* _EXERCISE PROMPT_
Only the lines below from the one with "Valve tappet clearances INLET" through the one with "Landestypisch sitzen wir" are to be written out, exactly and without any images.

* _DATA FOR REVIEW_
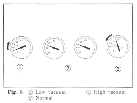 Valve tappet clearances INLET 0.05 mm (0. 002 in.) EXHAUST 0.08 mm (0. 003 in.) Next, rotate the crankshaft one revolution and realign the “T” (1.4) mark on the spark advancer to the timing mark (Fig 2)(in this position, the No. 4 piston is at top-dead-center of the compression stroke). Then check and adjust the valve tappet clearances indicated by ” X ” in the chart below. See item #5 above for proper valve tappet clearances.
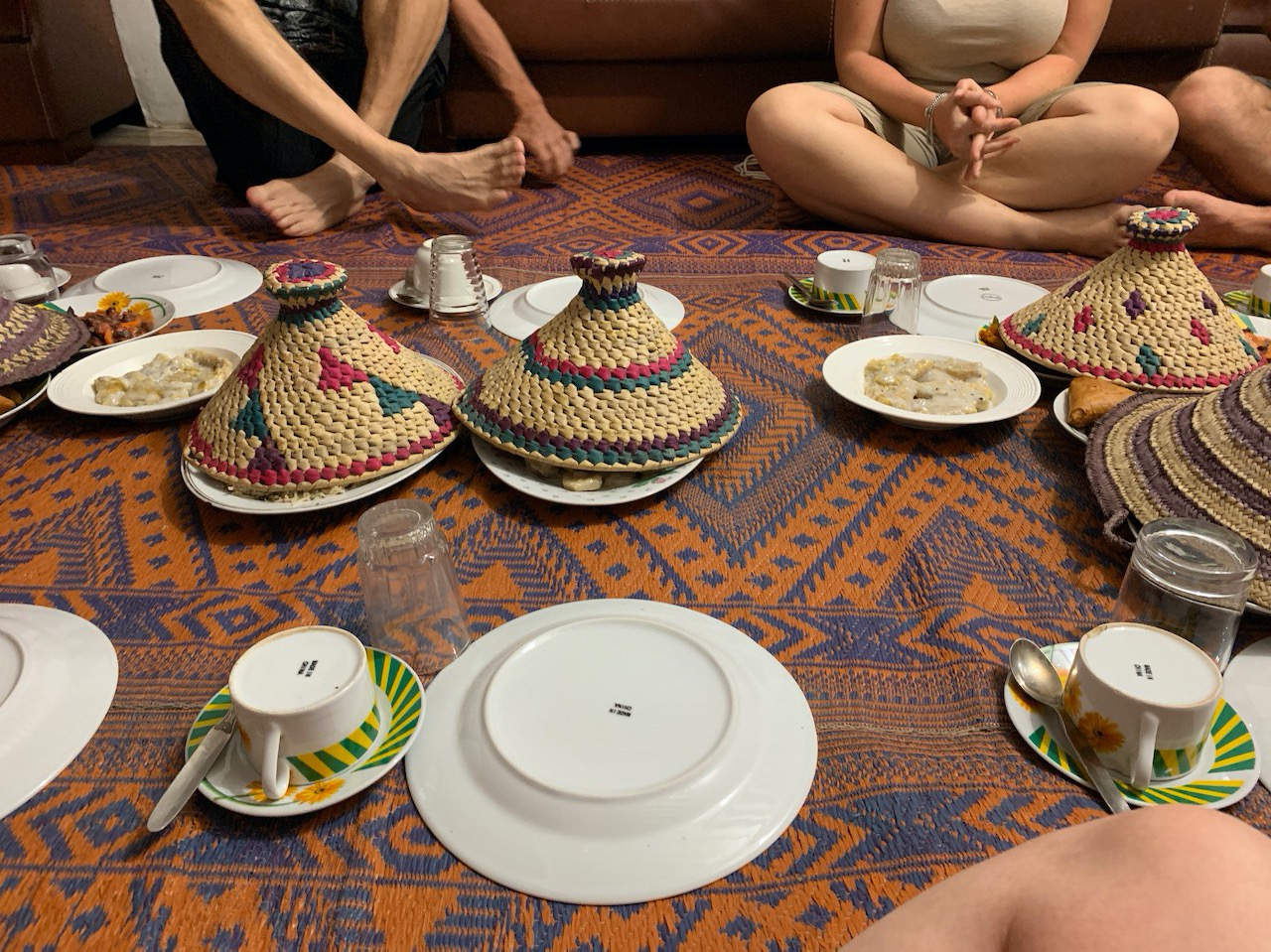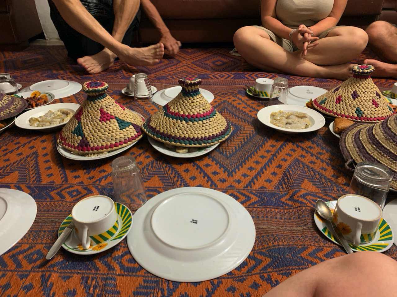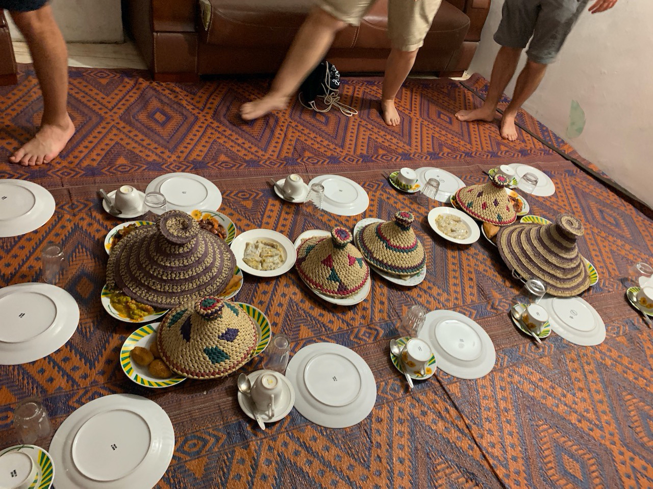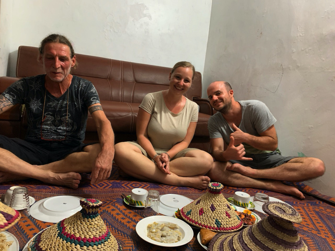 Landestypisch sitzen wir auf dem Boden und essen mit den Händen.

* * *

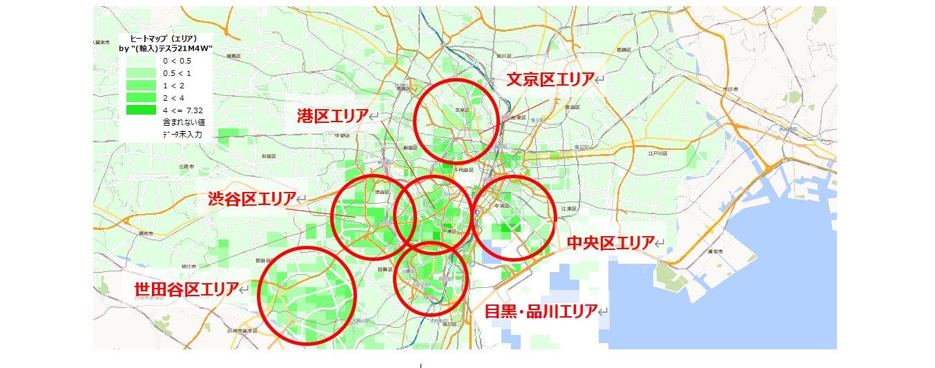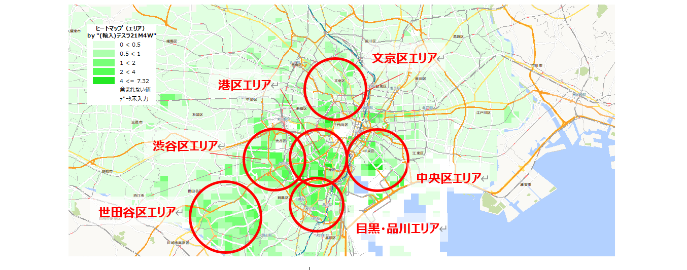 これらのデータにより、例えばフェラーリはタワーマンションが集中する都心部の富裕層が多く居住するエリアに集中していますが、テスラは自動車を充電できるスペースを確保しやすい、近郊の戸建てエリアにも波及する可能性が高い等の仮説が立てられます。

* _OUTPUT OF THE TASK_
 Valve tappet clearances INLET 0.05 mm (0. 002 in.) EXHAUST 0.08 mm (0. 003 in.) Next, rotate the crankshaft one revolution and realign the “T” (1.4) mark on the spark advancer to the timing mark (Fig 2)(in this position, the No. 4 piston is at top-dead-center of the compression stroke). Then check and adjust the valve tappet clearances indicated by ” X ” in the chart below. See item #5 above for proper valve tappet clearances.
 Landestypisch sitzen wir auf dem Boden und essen mit den Händen.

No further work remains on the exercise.